++++ Record extracts ++++

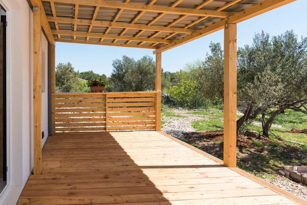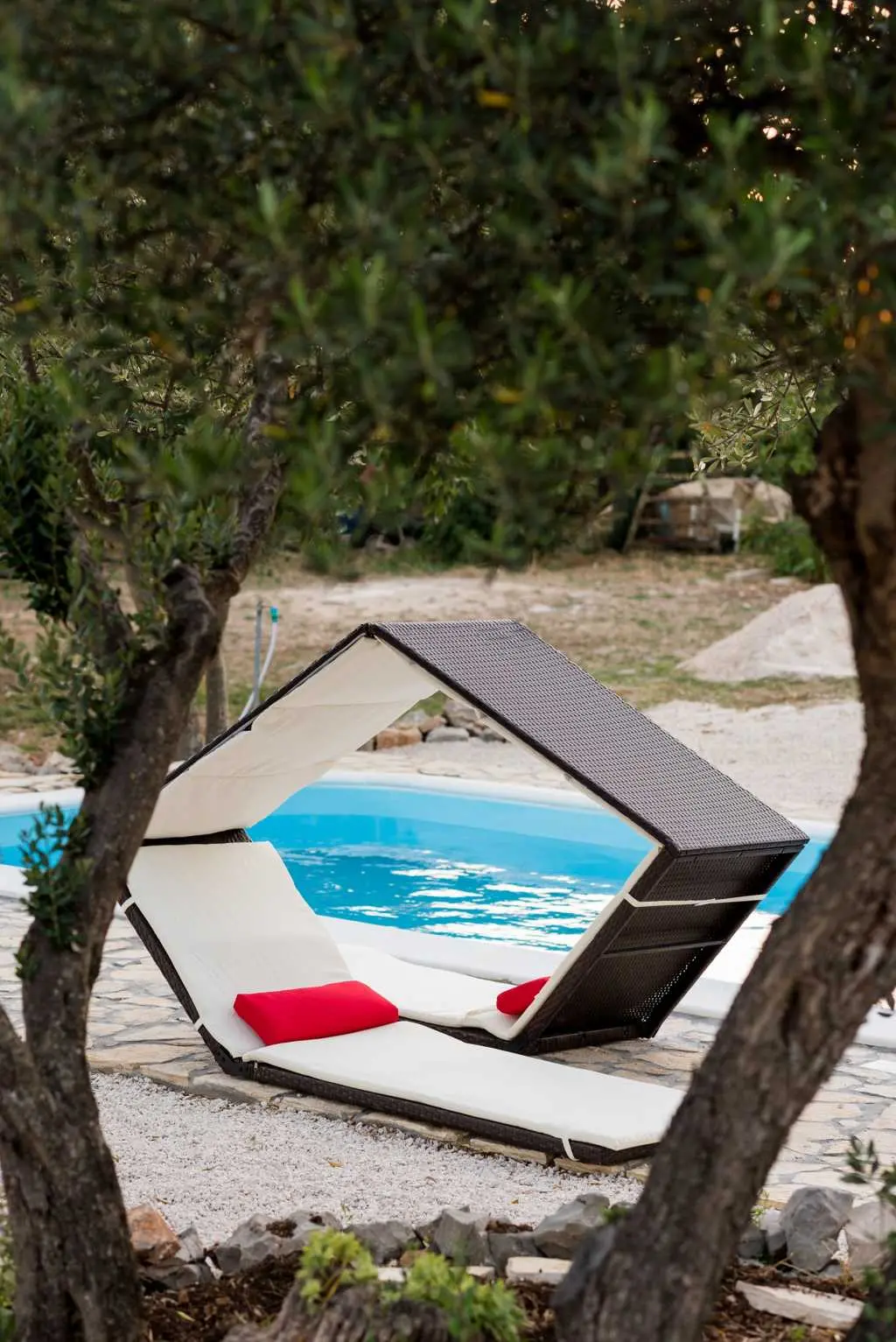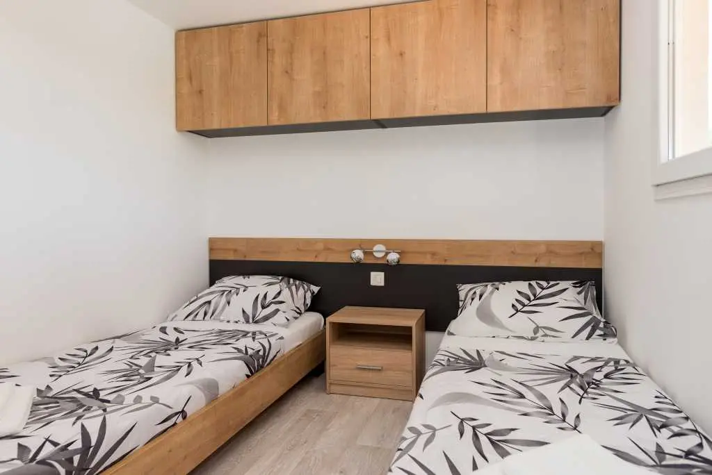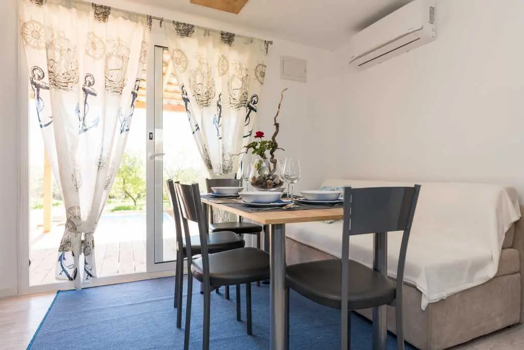 Autentikus kemping Dalmácia egy tábor található, Dalmácia szívében Pirovac. A tábor ideális azok számára, akik stresszmentes nyugodt vakációra vágynak, és kellemes mediterrán éghajlat olyan, ami biztosan illeszkedik a közeli mediterrán növények és fenyők illataival. A táborban van egy mobilház, három kempingező kemping, egy úszómedence és egy szabadtéri egészségügyi létesítmény. A mobilházat olajfák veszik körül, és biztosan szép és kényelmes lesz a vakáció. A mobilház két hálószobával rendelkezik (egy franciaággyal, a másik két egyszemélyes ággyal), és két fürdőszoba, nappali és konyha. A ház légkondicionált. SAT-TV és internet áll a vendégek rendelkezésére. A ház fedett fából készült terasszal is rendelkezik. Frissítse a forró nyári napokon a tábor közepén található medencében. A legfiatalabb játékos játszhat szórakozást és gondtalanul a gyerekek játszótérén. Ha adrenalinra, szórakozásra és sportra vágysz, röplabdázhatsz a vízen. Várjuk az érkezésedet
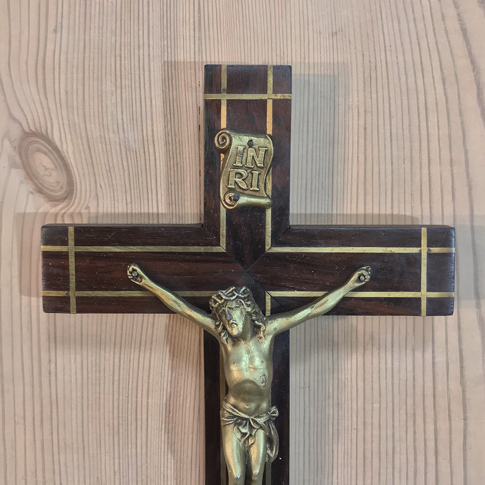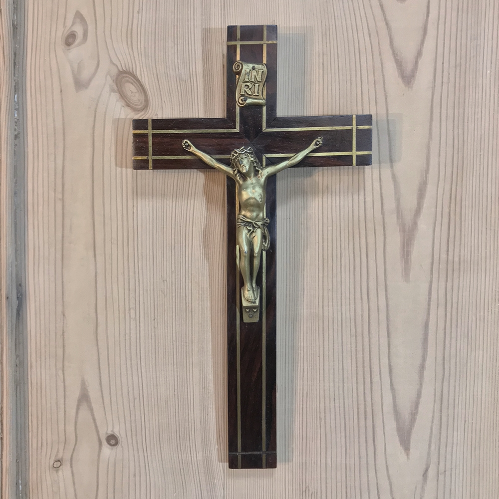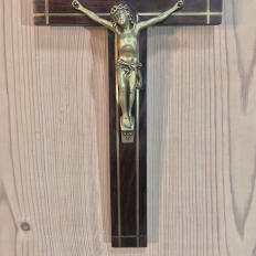Antique Hand-Crafted Wooden Crucifix with Brass Corpus
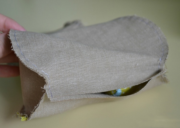 Выворачиваем на лицо и делаем шов, на расстоянии 4 сантиметра, от первого.
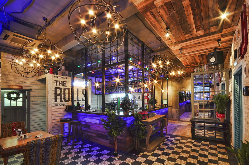 Данный проект был задуман как современное место для молодёжи, которая уже насытилась минимализмами, аккуратностью и стандартными решениями общественных заведений. Стилистической особенностью кафе ROLLS №1 является, конечно же, эклектика, тщательно спланированная и организованная. Основное направление заведения – американская кухня: это различные гамбургеры, пирожные, кофе; также в нём интересно раскрыта тайская и японская кухня.
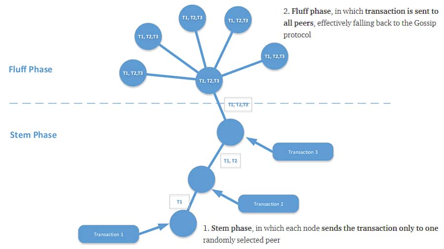 Graphical Represenation of the Dandelion Protocol. Image SourceTo add even better privacy protections, Beam has implemented the Dandelion Protocol too. You can also find this privacy protection implemented in such blockchains as ZCoin, where it is used to lower the probability that personal data can be linked to addresses and transactions. The Dandelion Protocol allows Beam to support dummy inputs and outputs.

++++

Would you reproduce the listing above exactly, without any of its images?

 Autentikus kemping Dalmácia egy tábor található, Dalmácia szívében Pirovac. A tábor ideális azok számára, akik stresszmentes nyugodt vakációra vágynak, és kellemes mediterrán éghajlat olyan, ami biztosan illeszkedik a közeli mediterrán növények és fenyők illataival. A táborban van egy mobilház, három kempingező kemping, egy úszómedence és egy szabadtéri egészségügyi létesítmény. A mobilházat olajfák veszik körül, és biztosan szép és kényelmes lesz a vakáció. A mobilház két hálószobával rendelkezik (egy franciaággyal, a másik két egyszemélyes ággyal), és két fürdőszoba, nappali és konyha. A ház légkondicionált. SAT-TV és internet áll a vendégek rendelkezésére. A ház fedett fából készült terasszal is rendelkezik. Frissítse a forró nyári napokon a tábor közepén található medencében. A legfiatalabb játékos játszhat szórakozást és gondtalanul a gyerekek játszótérén. Ha adrenalinra, szórakozásra és sportra vágysz, röplabdázhatsz a vízen. Várjuk az érkezésedet
Antique Hand-Crafted Wooden Crucifix with Brass Corpus
 Выворачиваем на лицо и делаем шов, на расстоянии 4 сантиметра, от первого.
 Данный проект был задуман как современное место для молодёжи, которая уже насытилась минимализмами, аккуратностью и стандартными решениями общественных заведений. Стилистической особенностью кафе ROLLS №1 является, конечно же, эклектика, тщательно спланированная и организованная. Основное направление заведения – американская кухня: это различные гамбургеры, пирожные, кофе; также в нём интересно раскрыта тайская и японская кухня.
 Graphical Represenation of the Dandelion Protocol. Image SourceTo add even better privacy protections, Beam has implemented the Dandelion Protocol too. You can also find this privacy protection implemented in such blockchains as ZCoin, where it is used to lower the probability that personal data can be linked to addresses and transactions. The Dandelion Protocol allows Beam to support dummy inputs and outputs.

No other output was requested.